The clear / silver combination will give you more of a bright side marker if that is what you are going for. 

If there is anything else, just let me know.


----------



## TGrayEco (Feb 25, 2011)

cruzeman said:


> what do you guys reccomend for a black eco cruze? i added the chrome door handles already.


I'd get the smoke/black or light smoke/black....just depends how dark you're wanting. I like the stealth look, so smoke/black for me if I had a black car.


----------



## ECOsleeper (Apr 3, 2011)

Klearz said:


> Thanks, I guess thats an advantage of being a small company. I can handle a problem as it arises. There isn't much that turns me off more than someone not being happy with one of my products.
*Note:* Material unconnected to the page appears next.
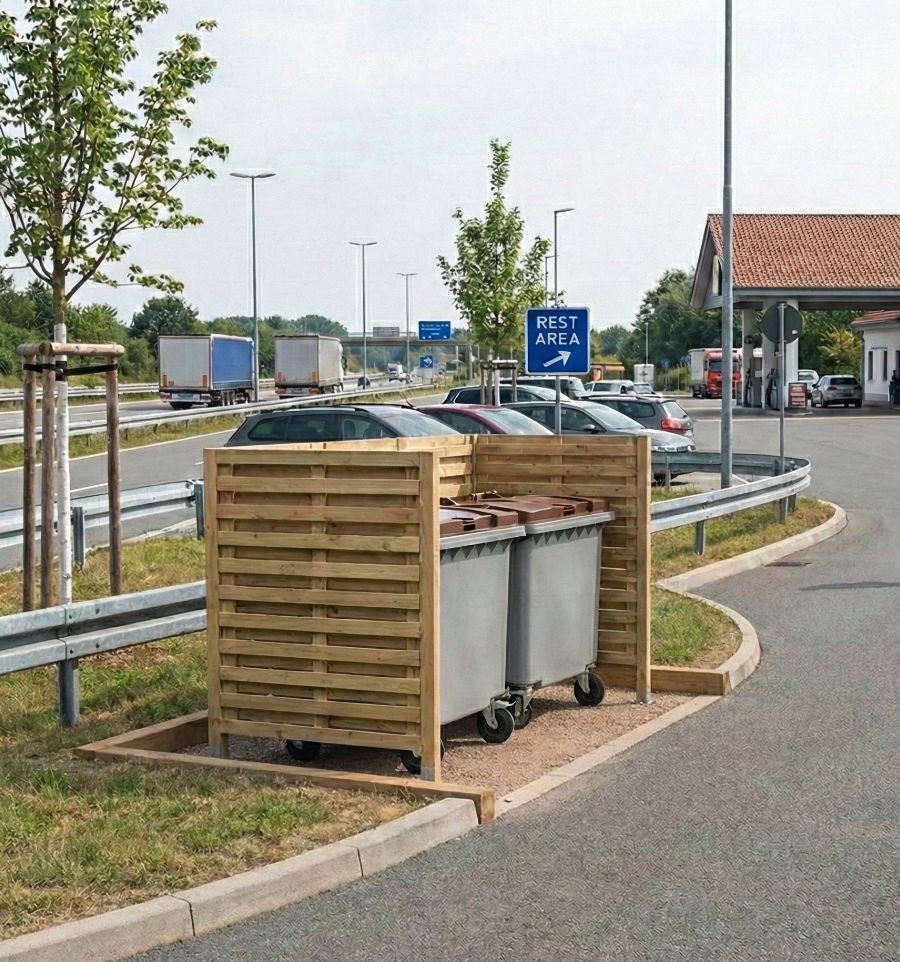 Ce cache conteneur poubelle bois fabriqué en France, optimise la gestion des déchets en définissant distinctement la zone de collecte.

Any word on how soon I should expect my order?


----------



## Klearz (Mar 20, 2011)

ECOsleeper said:


> Any word on how soon I should expect my order?


 I would think that it should be there in the next couple days if it isn't in your mailbox right now. 
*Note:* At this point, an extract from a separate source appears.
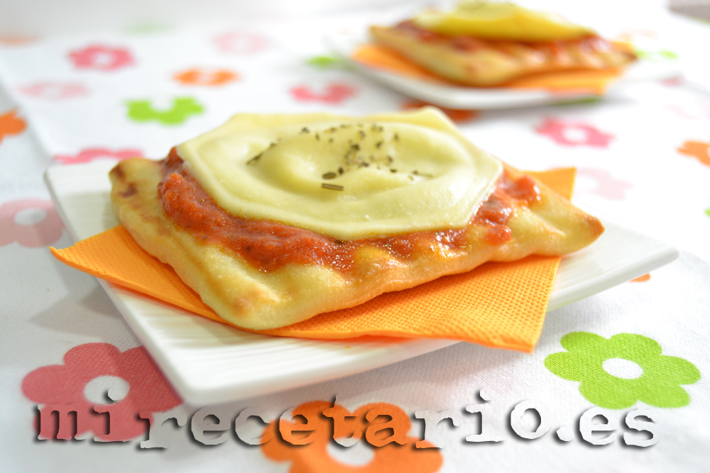 - Montar las mini pizzas con muy poca salsa ¡que pica!, un ravioli encima y un poco de albahaca molida ¡y eso es todo!

It took awhile to catch up on orders after modding the molds and process to make stronger clips, but most everything went out last week.


----------



## ECOsleeper (Apr 3, 2011)

Cool thanks. I haven't even bothered to check my tracking number lately. Thanks again.


----------



## cruzeman (Mar 13, 2011)

just placed order for light smoke/black lenses...


----------



## Klearz (Mar 20, 2011)

cruzeman said:


> just placed order for light smoke/black lenses...


 Yup,.. order is recieved. It should ship out today. Thanks alot.


----------



## 70x7 (Apr 24, 2011)

Im digging the clear/black 
I guess I have some thinking to do!


----------



## TGrayEco (Feb 25, 2011)

cruzeman said:


> just placed order for light smoke/black lenses...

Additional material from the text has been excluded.